Stored data entries
== == ==

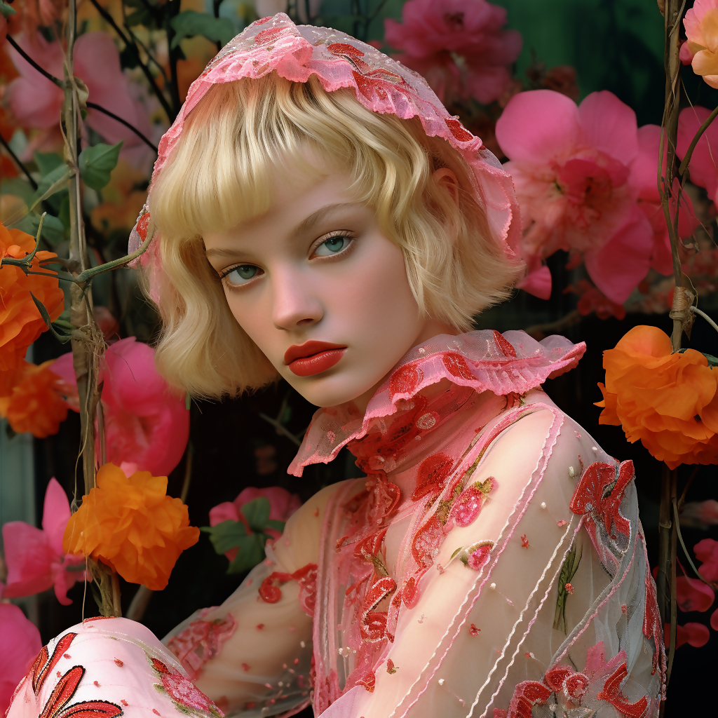 Style: Romantic editorial, botanical surrealism, ornamental femininity, nature-infused fashion fantasy
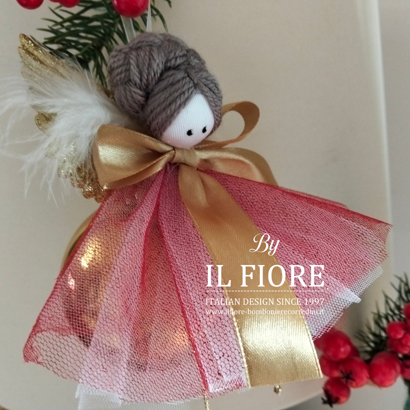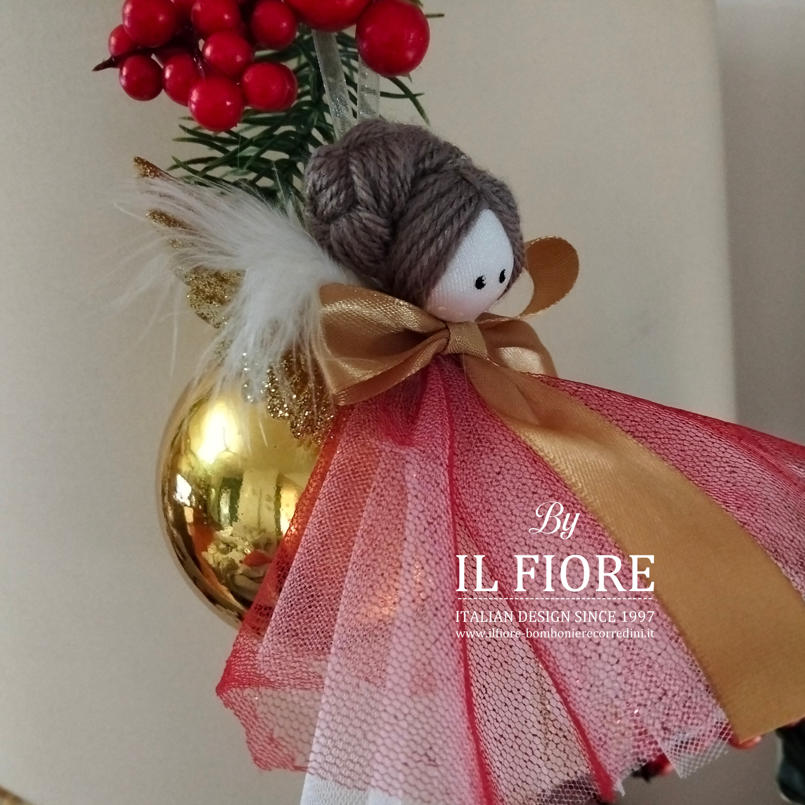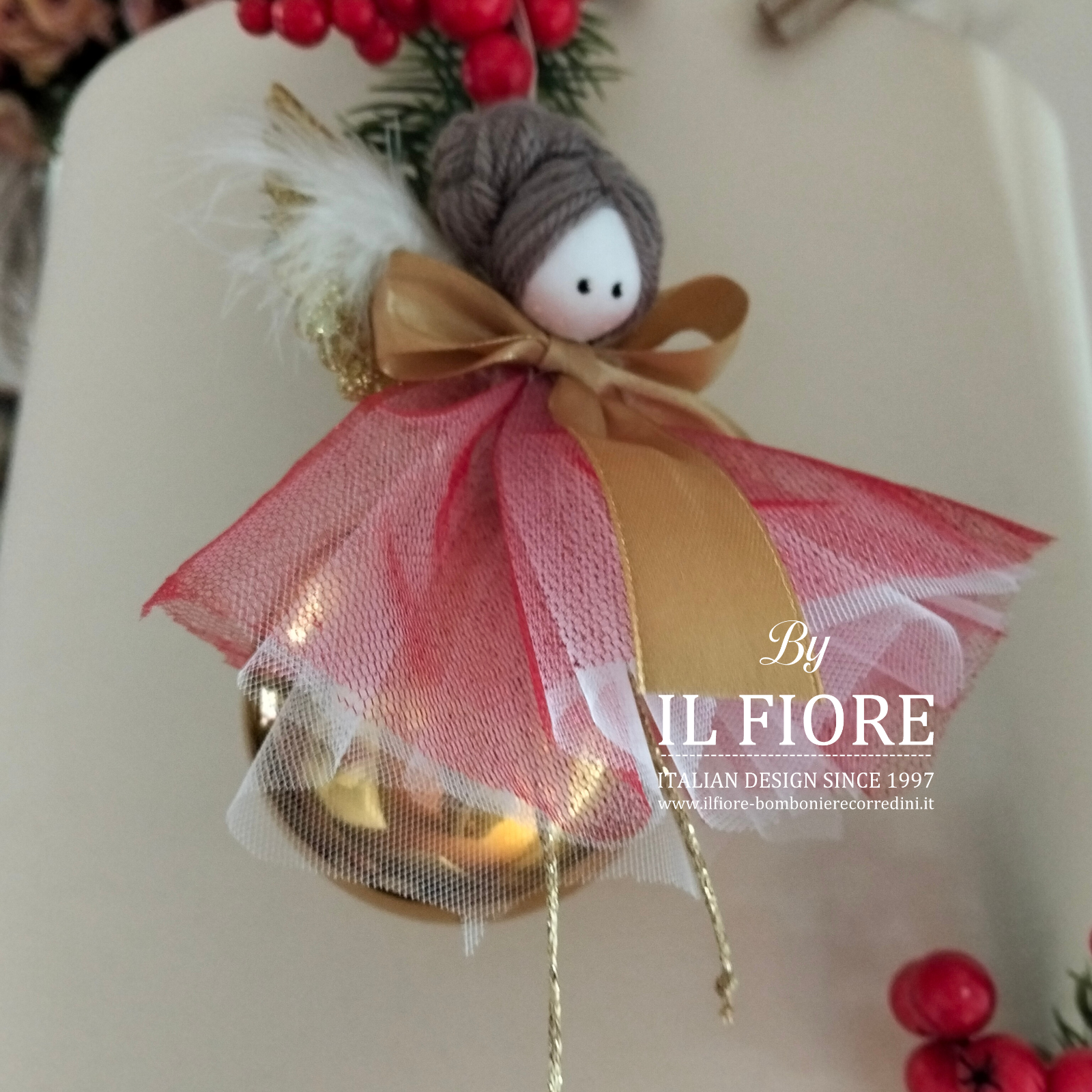 Pallina Natalizia con angelo decorato con vestito rosso in tulle. Compresa nel prezzo confezione regalo.
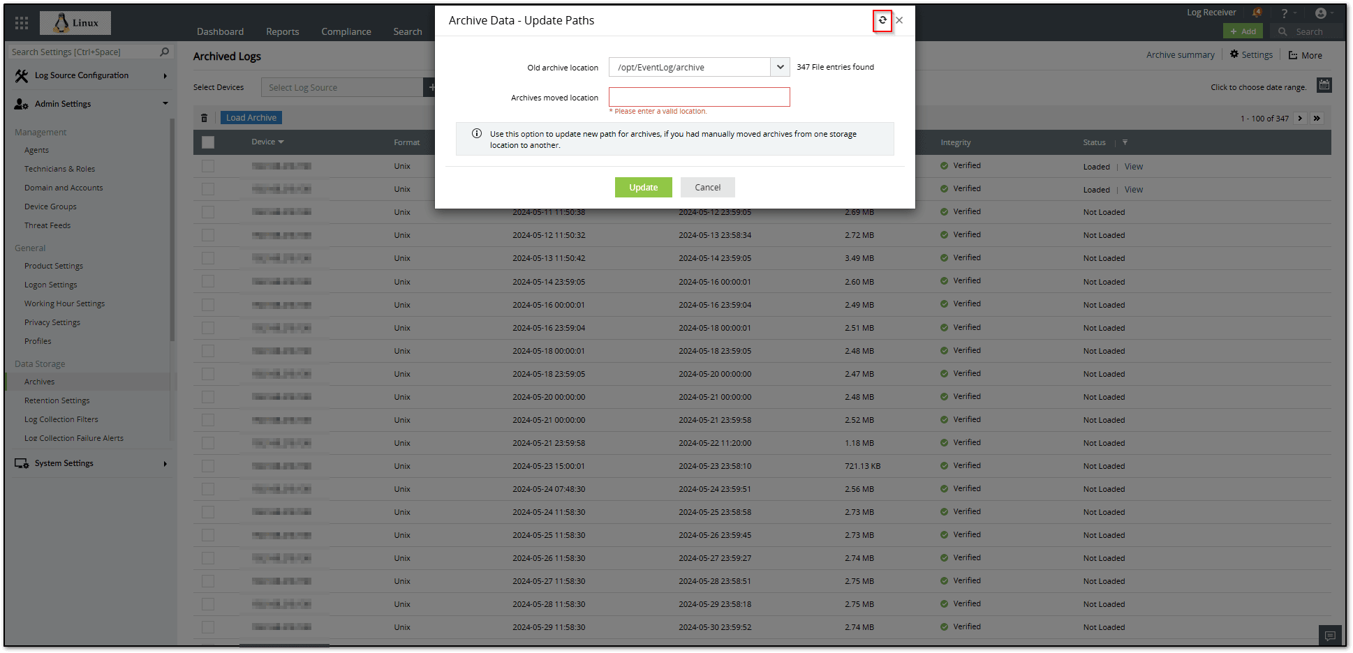 Step 3: Go to Settings > Admin Settings > Data Storage > Archives > More (in the top-right corner) > Update Path.
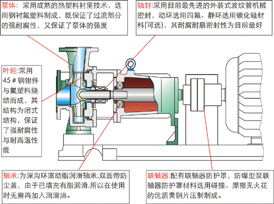 四、氟塑料離心泵結(jié)構(gòu)與材料:
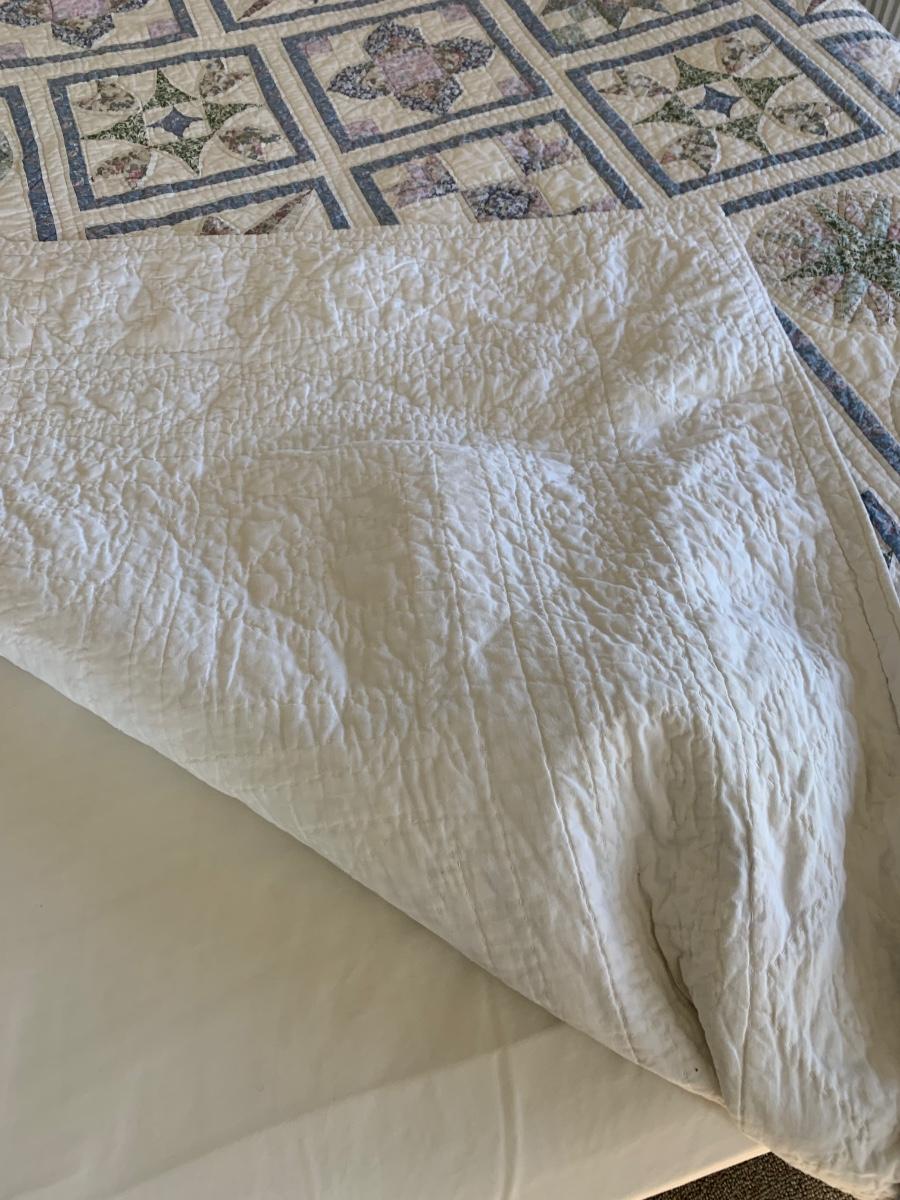Bed measures approx. 6x4 - quilt overhangs bed.
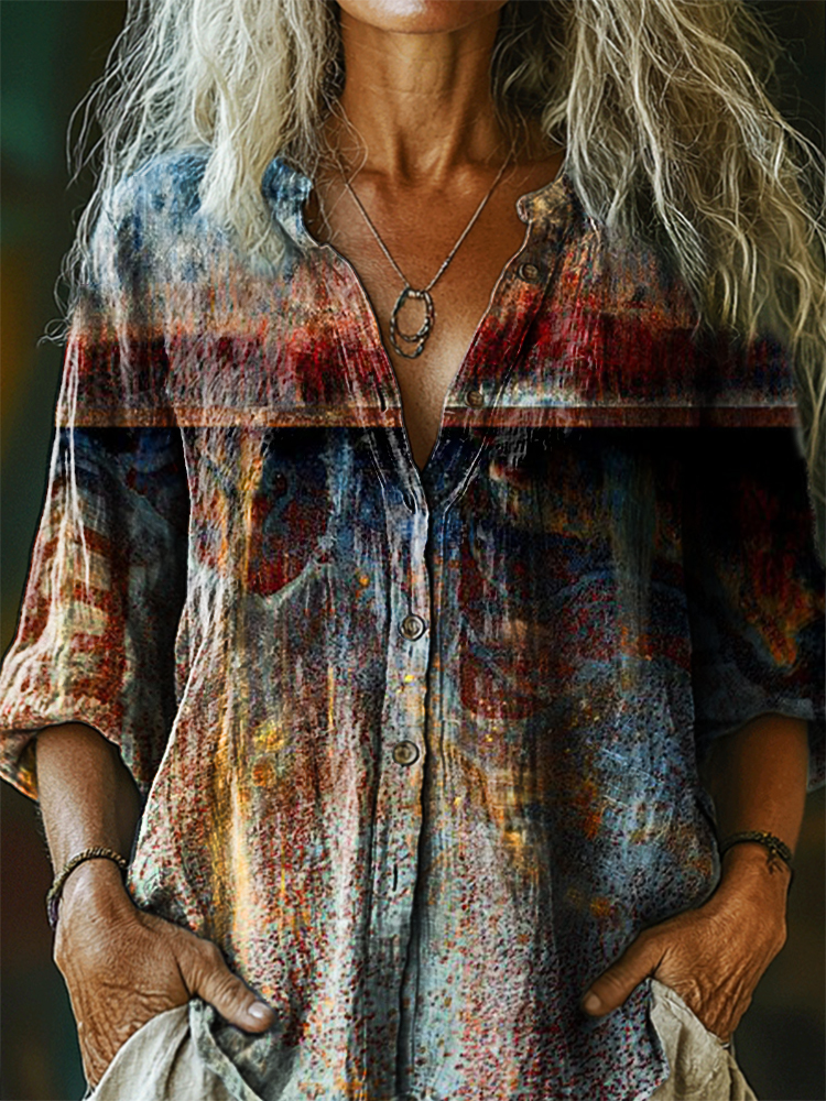 Women's Bohemian Pattern Art Print Casual Cotton Linen Shirt

== == ==

- _Work item_:
Exact text is required for the lines from the one with "Step 3: Go to" through the last line of the entries, both included. Omit pictures.

- _Reply to the exercise_:
 Step 3: Go to Settings > Admin Settings > Data Storage > Archives > More (in the top-right corner) > Update Path.
 四、氟塑料離心泵結(jié)構(gòu)與材料:
Bed measures approx. 6x4 - quilt overhangs bed.
 Women's Bohemian Pattern Art Print Casual Cotton Linen Shirt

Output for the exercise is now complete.